31/01/07
Investigadores de la Universidad de Las Palmas de Gran Canaria publican en la revista Eurasip Journal on Applied Signal Processing un artículo científico en el que se presenta un método para mejorar imágenes y secuencias de vídeo en formato digital. El trabajo ha sido desarrollado por un grupo de científicos del Instituto Universitario de Microelectrónica Aplicada de la ULPGC, en colaboración con científicos de los laboratorios de investigación de Philips en Holanda.
Gustavo Marrero Callicó, Sebastián López, José Francisco López, Antonio Núñez y Roberto Sarmiento, investigadores del Instituto Universitario de Microelectrónica Aplicada son los firmantes de este artículo científico por la ULPGC.
Eurasip Jornal on Applied Signal Processing es una revista internacional editada en EEUU, especializada en artículos relacionados con la conjunción entre las ciencias y sus aplicaciones, fundamentalmente referidos a los procesadores de señales y las nuevas tecnologías emergentes.
Si se desea aumentar la resolución de una imagen, la forma más inmediata de hacerlo consiste en usar sensores de mayor resolución, es decir, con mayor cantidad de fotosensores. El problema es que para aumentar la densidad (número de sensores por micras cuadradas) es necesario disminuir el tamaño del fotosensor y, en consecuencia, su precio. Una solución a este problema consiste en aumentar la resolución de las imágenes mediante algoritmos destinados a ese propósito, como es el caso de los algoritmos de super-resolución. Además, el uso de este tipo de estrategias permite obtener imágenes con una resolución equivalente a la de un sensor de alta calidad, y que sin embargo, han sido capturadas con un sensor de baja calidad y por lo tanto de coste muy inferior.
El problema que tradicionalmente han planteado estos algoritmos es que su elevada complejidad acarrea una elevada carga computacional. Por lo tanto su implementación en tiempo real sólo es posible usando plataformas hardware de altas prestaciones. En este caso el ahorro experimentado en el sensor desaparecería al tener que recurrir a este tipo de subsistema de elevado coste.

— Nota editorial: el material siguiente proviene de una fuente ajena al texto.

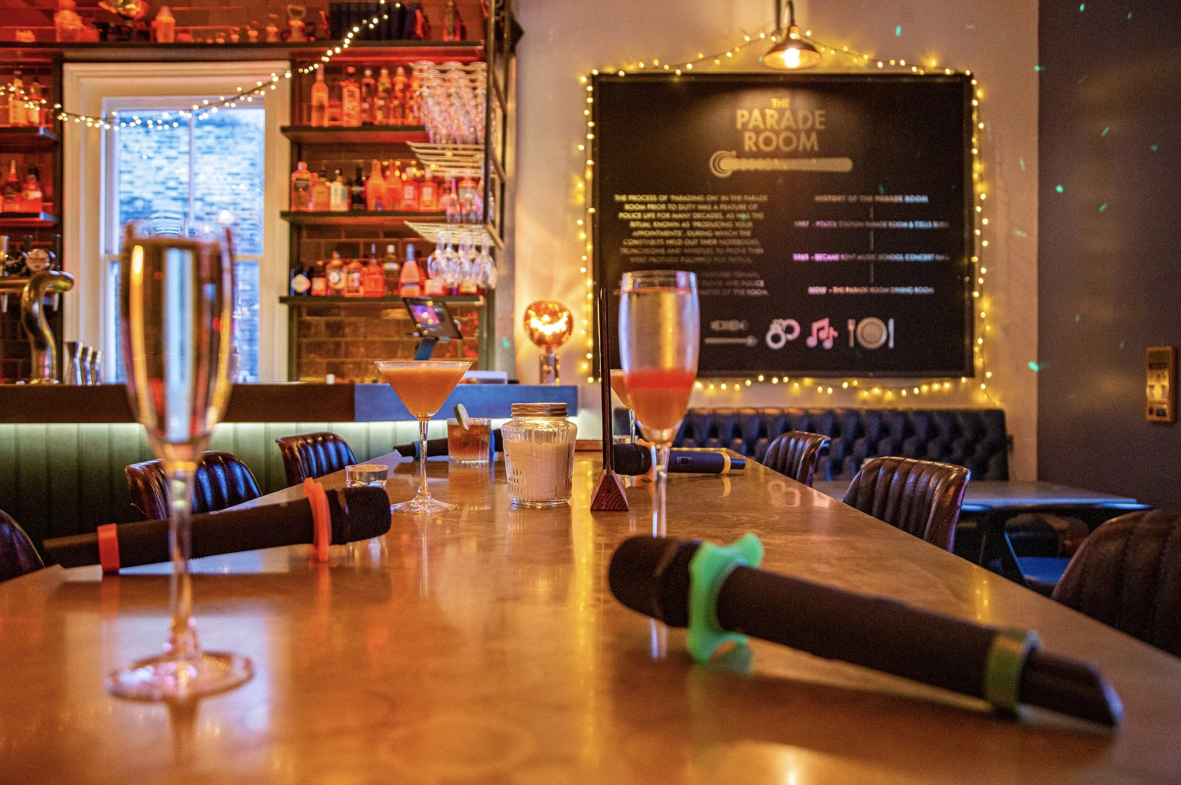 Party Karaoke takes place in the Parade Room for larger groups! Enjoy over 60,000 songs on our 92” HD screen and push button cocktail service!

El trabajo desarrollado por este grupo de investigación persigue implementar algoritmos de super-resolución sin tener que recurrir a hardware específico, usando (reutilizando) los recursos ya existentes en una plataforma de compresión de vídeo desarrollada por Philips Research en Eindhoven (Holanda). Desde este punto de vista la súper-resolución es un valor añadido a la plataforma de codificación de vídeo, pudiendo utilizarse para aumentar la resolución de las imágenes grabadas, para mejorar la calidad de las imágenes decodificadas o bien como una forma de realizar un zoom digital que ofrece calidades de imagen superiores a las de la mera interpolación.

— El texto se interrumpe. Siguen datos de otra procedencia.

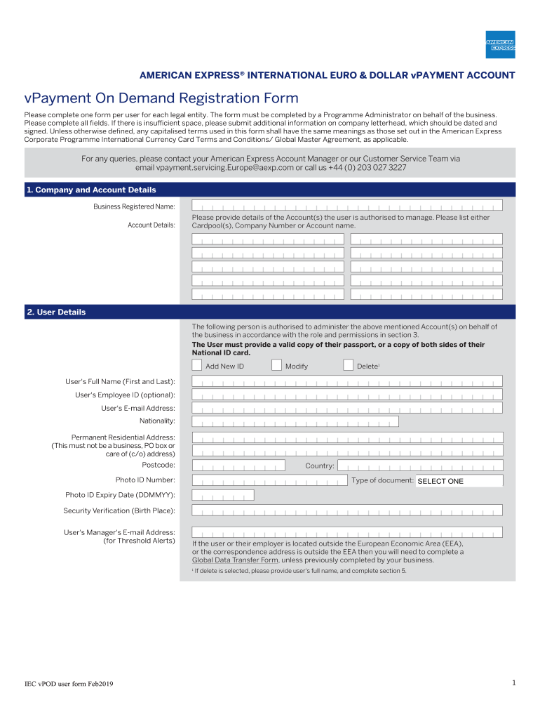CLEARPRINTAMERICAN EXPRESS INTERNATIONAL EURO & DOLLAR payment ACCOUNTvPayment On Demand Registration Form Please complete one form per user for each legal entity. The form must be completed by a

Esta investigación se ha centrado en la mejora de la calidad de imágenes, aprovechando la información contenida en otras imágenes relacionadas entre sí, como puede ser el caso de una secuencia de vídeo o la toma sucesiva de varias fotografías. De esta forma se consigue un aumento significativo de la calidad de la imagen resultante por encima de la resolución del sensor con la que dichas imágenes fueron muestreadas. El principio matemático que sustenta este tipo de algoritmos es una generalización del teorema de muestreo de Nyquist. Esta generalización establece que es posible reconstruir una señal a partir de varias series de muestras siempre y cuando se pueda asegurar que los periodos de muestreo sean diferentes para cada serie de muestras.
Se muestran a continuación una serie de imágenes obtenidas de secuencias de vídeo reales cuya resolución se ha aumentado utilizando tres diferentes técnicas.



Las imágenes etiquetadas como (a) son el resultado de una interpolación por replicación del vecino más próximo, que es una de las técnicas de interpolación más sencillas que existen. Aunque está técnica suele presentar un acusado efecto de blocking (los bordes se hacen menos nítidos y se aprecian escalones abruptos en los mismos) es la que menos difumina la imagen. Las imágenes etiquetadas como (c) han sido obtenidas mediante interpolación bilineal, que atenúa considerablemente el efecto de blocking. Ambas técnicas de interpolación son soluciones de bajo coste muy usadas en las cámaras digitales comerciales para conseguir el denominado zoom digital. Las imágenes centrales etiquetadas como (b) son las obtenidas mediante la aplicación del algoritmo de súper-resolución aportado en este trabajo de investigación, manifestándose de manera patente la mejora de calidad cuando se compara con ambas alternativas de interpolación.